* _DATASET ENTRIES_:
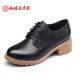 蜘蛛王女鞋粗跟春季新款正品真皮系带休闲低跟女单鞋通勤圆头皮鞋
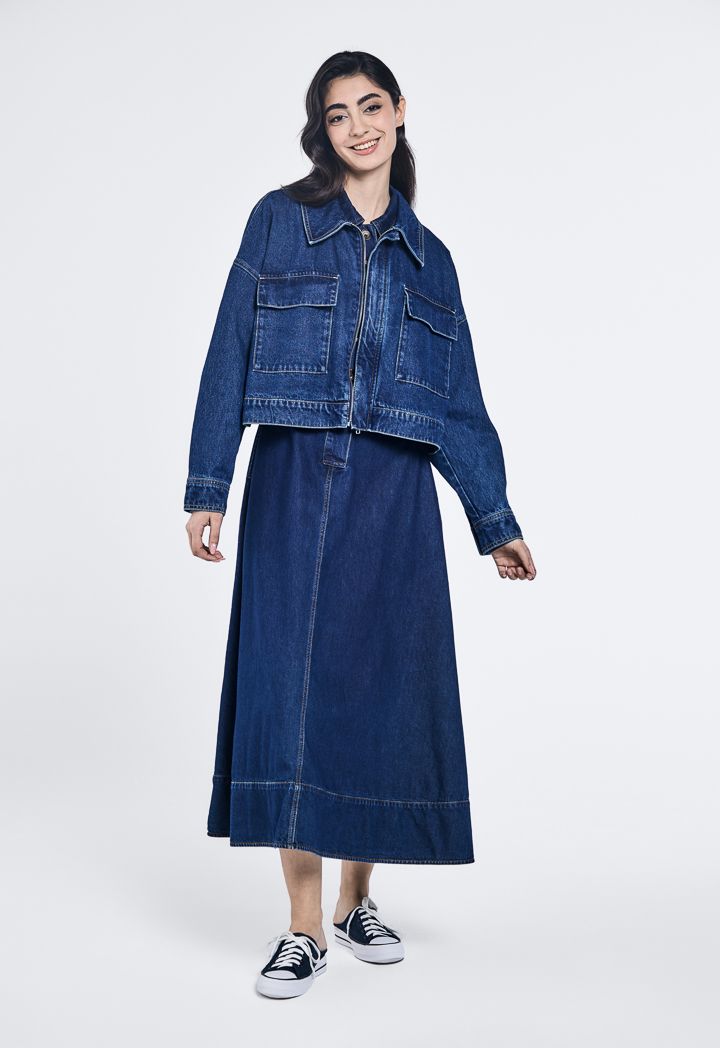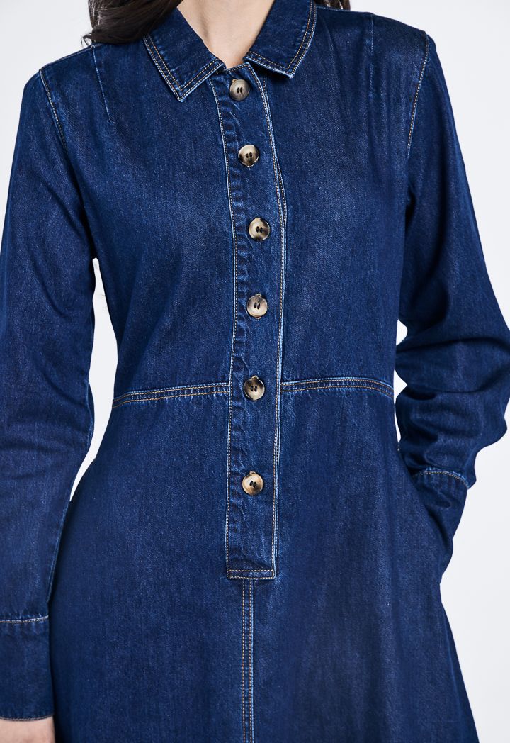 Denim Flared Maxi Dress |
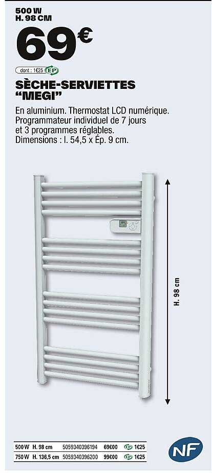 Découvrez l'offre de Sèche-Serviettes "Megi" chez Brico Dépôt! Cette offre fantastique est maintenant disponible dans le nouveau catalogue de Brico Dépôt. Profitez de cette occasion et économisez considérablement sur votre achat.
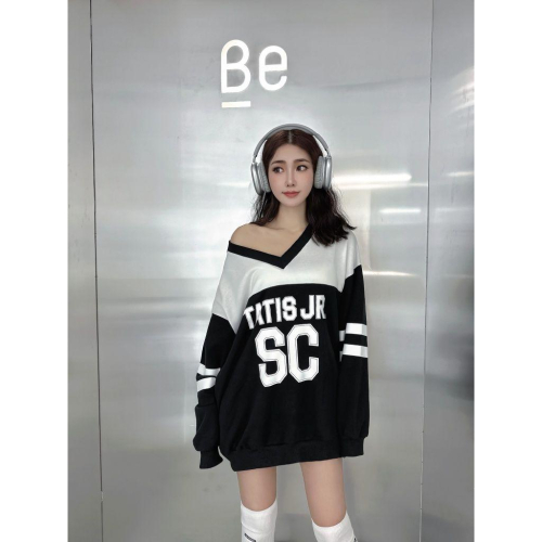 💗現貨黑💗3839美式撞色字母大學T
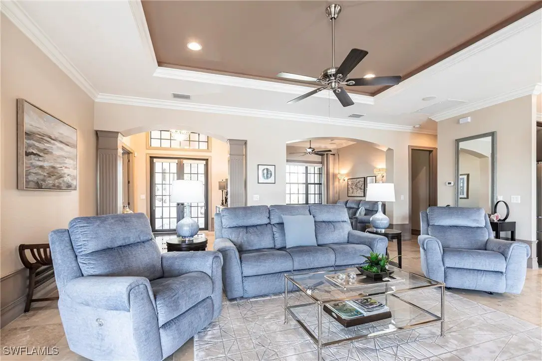 Introducing a truly unique, custom-built two-story home situated on an oversized corner lot with direct Gulf access, offering rear Southern and Western exposure. Nestled at the end of a peaceful cul-de-sac, this exceptional property boasts breathtaking preserve views at the junction of Southern Spreader and the 250-foot wide Maxwell Canal. From the moment you step inside, you'll experience a sense of tranquility in this expansive and luxurious home. With 4 spacious bedrooms and 4 beautifully appointed baths, this residence features multiple indoor and outdoor seating areas, each offering stunning water views. Every corner of this home is thoughtfully designed, from the impressive staircase to the travertine floors with intricate inlays, impact-resistant windows, and a chef-inspired kitchen. The oversized laundry room is bathed in natural light, and the large 3-car garage offers ample space for storage and convenience. This home is equipped with electric fabric hurricane shutters that also serve as sun blinds and windbreakers, providing both safety and comfort. The electric heated pool and spa, along with the expansive screened-in deck area complete with a mosquito control system, create the perfect environment for outdoor relaxation. With over 280 feet of waterfront, including a long captain's walk, a boat dock designed for sailboats, and a deck ideal for watching stunning sunsets, this property is a boater's dream. Offered turnkey, this home is ready for you to move in and start enjoying right away. Recent upgrades include a new AC system, a durable metal roof, a new heater, storm shutters, and a boat dock with a Tiki hut and captain's walk. Schedule your private showing today to see all that this extraordinary home has to offer.
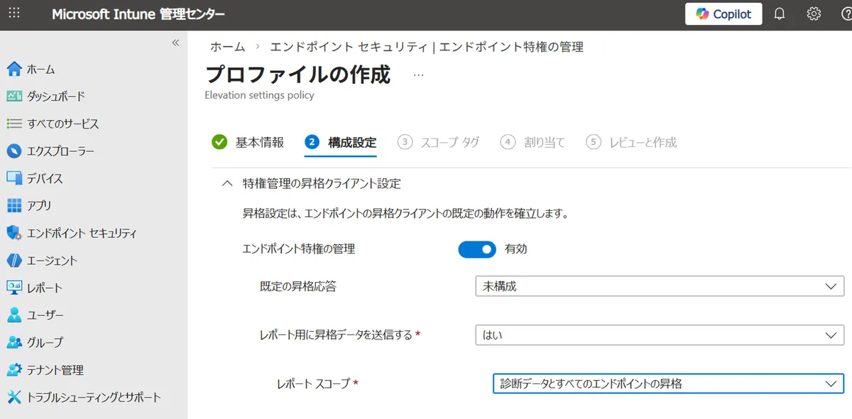 最初に 昇格設定ポリシー を配布して EPM を有効化します。以下の設定値で配布すると、エンドポイントの昇格操作が Intune に記録されるようになります。
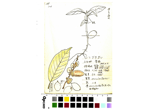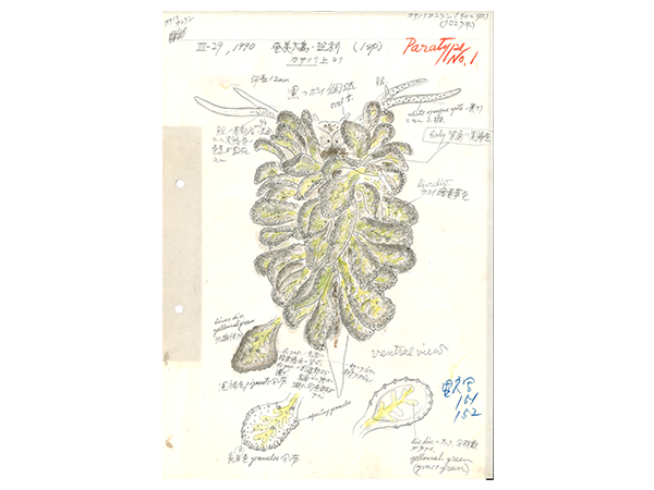 実物資料を克明に描いた図版は時に標本よりも残りやすく、観察した事実を伝えてくれることがあります。また、図版は生の時の色や微細な構造など、標本や文字による記録では残らない、しかし観察者が注目した特徴を記録するなど独自の価値を持ちます。もちろん標本には図版では得られない情報もたくさんあります。自然を記録する証拠として、標本と図版は互いに補い合いながらそれぞれに価値を持っていると考えます。磯野資料や本郷図譜など、いくつかの事例をもとに紹介してみたいと思います。
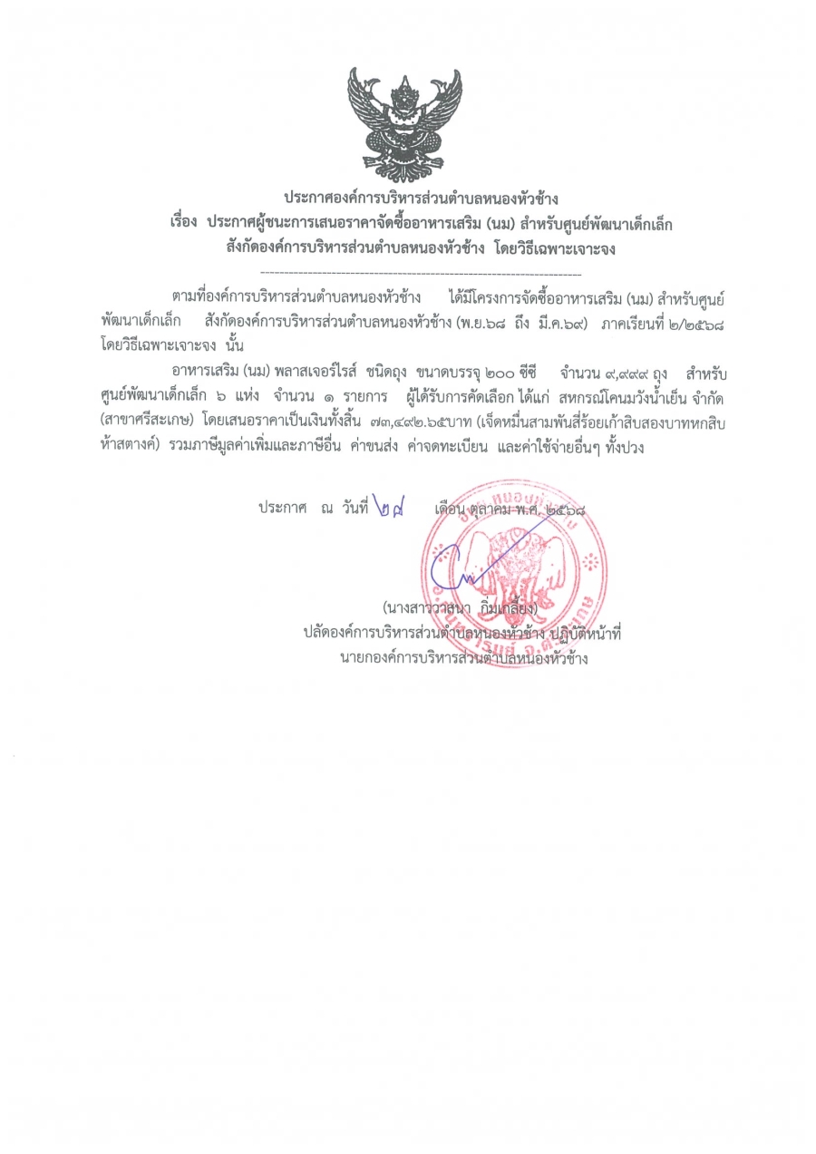 ประกาศองค์การบริหารส่วนตำบลหนองหัวช้าง เรื่อง ประกาศผู้ชนะการเสนอราคาจัดซื้ออาหารเสริม (นม) สำหรับศูนย์พัฒนาเด็กเล็ก สังกัดองค์การบริหารส่วนตำบลหนองหัวช้าง โดยวิธีเฉพาะเจาะจง

* _WHAT IS NEEDED_:
Extract only the lines from the line containing "実物資料を克明に描いた図版は" through the final line of the records; keep both ends and drop every picture.

* _TASK RESPONSE_:
 実物資料を克明に描いた図版は時に標本よりも残りやすく、観察した事実を伝えてくれることがあります。また、図版は生の時の色や微細な構造など、標本や文字による記録では残らない、しかし観察者が注目した特徴を記録するなど独自の価値を持ちます。もちろん標本には図版では得られない情報もたくさんあります。自然を記録する証拠として、標本と図版は互いに補い合いながらそれぞれに価値を持っていると考えます。磯野資料や本郷図譜など、いくつかの事例をもとに紹介してみたいと思います。
 ประกาศองค์การบริหารส่วนตำบลหนองหัวช้าง เรื่อง ประกาศผู้ชนะการเสนอราคาจัดซื้ออาหารเสริม (นม) สำหรับศูนย์พัฒนาเด็กเล็ก สังกัดองค์การบริหารส่วนตำบลหนองหัวช้าง โดยวิธีเฉพาะเจาะจง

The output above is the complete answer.